2001

At first blush, this looks like a review of a book 50 years after it's publication date. It looks like that at second blush, and every subsequent blush too. I didn't read it 50 years ago so give me a break. So what is there to say about a book that everyone has heard because it is the basis of one of the most important science fiction movies of all time? Turns out, a lot. Clarke really shows why he's earned his place on the Mount Rushmore of sci-fi writers. He's not just a phenomenal writer, he is a phenomenal thinker. In the first few chapters, one of the characters embarks on a routine flight to the moon. He has a tablet that he connects to the information network of the spaceship he's on and 'dials up' a few different newspapers to read. After a few minutes of flipping through pages, he laments that he has such an amazing device in his hand and nothing to read but local news stories about burglaries. Many sci-fi writers try to predict the future. Some sci-fi is just future fantasy and space swashbuckling, but of those few hard sci-fi gurus who are willing to commit their predictions to the page, none are so good at it as Clarke. He not only predicted the technological elements of being a passenger on a very international flight (having an iPad to browse the news), but he also had the wisdom to predict our relationship to that almost magical level of technology. In his imagination was a future that had some very exciting things, but he didn't let that excitement contaminate his story. Of course iPads and the internet would be exciting when the book was written (a year before we landed on the moon), but he knew it wouldn't be exciting to the passenger who just had to wait out that long, long flight. Any of the rest of us would've come up with a technology that was 1/10th as cool, laughably outdated within a decade, and we would've written it to be the shining grail of that chapter. But I guess that's why it's fair to say that Clarke was a better writer than all of us. Which brings us to HAL.

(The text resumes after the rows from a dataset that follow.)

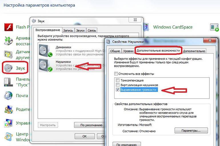 Настройка наушников в Windows 7
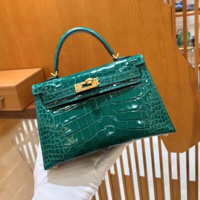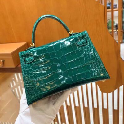 Mini Kelly 2nd Generation 19cm Emerald Green Imported first-class “□” American crocodile French beeswax thread 100% hand-sewn
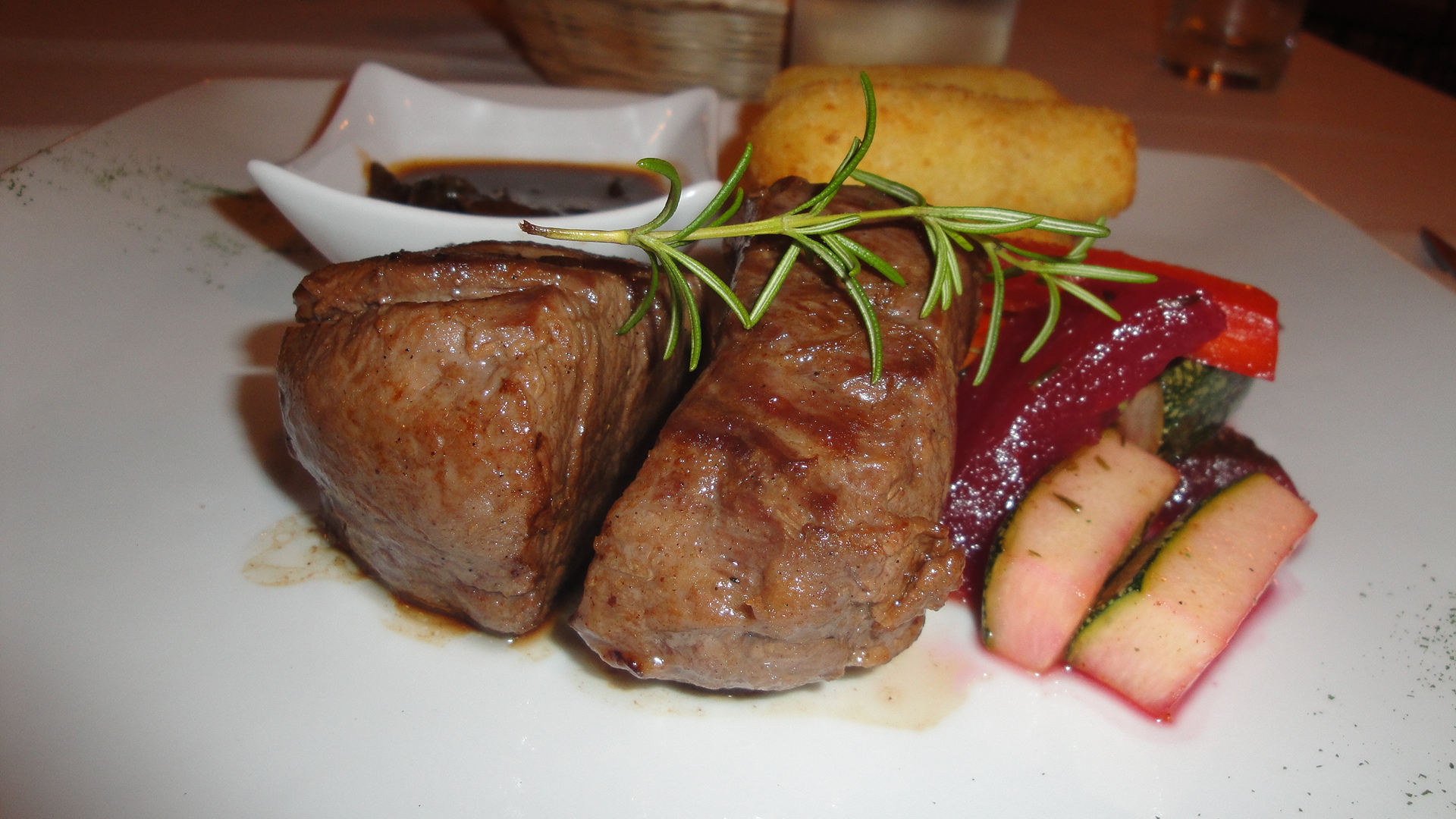 Grilled steak with potato croquettes and sautéed veggies, restaurant in Cusco

What's the opposite of a humble brag? Instead of subtly boasting about myself by making thinly veiled statements of humility, I want to subtly denigrate someone else by making thinly veiled statements of praise. Whatever it's called, here goes: I think Clarke's writing is so good, that it gets in the way of me enjoying the story. Specifically, the sequence in the book where HAL turns rogue and murderous is so well done that I completely forgot that the book isn't about artificial intelligence that is to hubristic to admit that it made a mistake so it tries to kill the protagonist, and is instead about humans accidentally setting off an alien alarm and ultimately being transformed into a star child. [Spoilers, I guess]. Every other scene in that book should be an iconic touchstone of midcentury sci-fi, but they all get overshadowed by murderbot 9000. The description of the dwarf star pulling a column of starfire off it's binary giant twin as it speeds past in it's orbit, and the energy beings migrating up the star fire would be more than enough of an idea for most writers to make a whole trilogy out of. A goddamn alien crystal mind controls apes into starting down the path to becoming human, and ultimately space faring, and that part of the book is forgotten in the dust bin by the time you finish. Nope. Clarke has too many good ideas and too many amazing scenes in this book. It's easy to read and not very long so in the few hours that you spend reading it, you've got to compress six months worth of wonder and reflection on these amazing new ideas. Clarke was clearly hoarding all of the good ideas from all of the other sci-fi writers, but had such a stockpile of them that he had to cram a dozen or more into each novel. It just isn't fair to us readers.

Now I've got to tackle the other books in the series, but I think I'll let my brain cool off a bit first.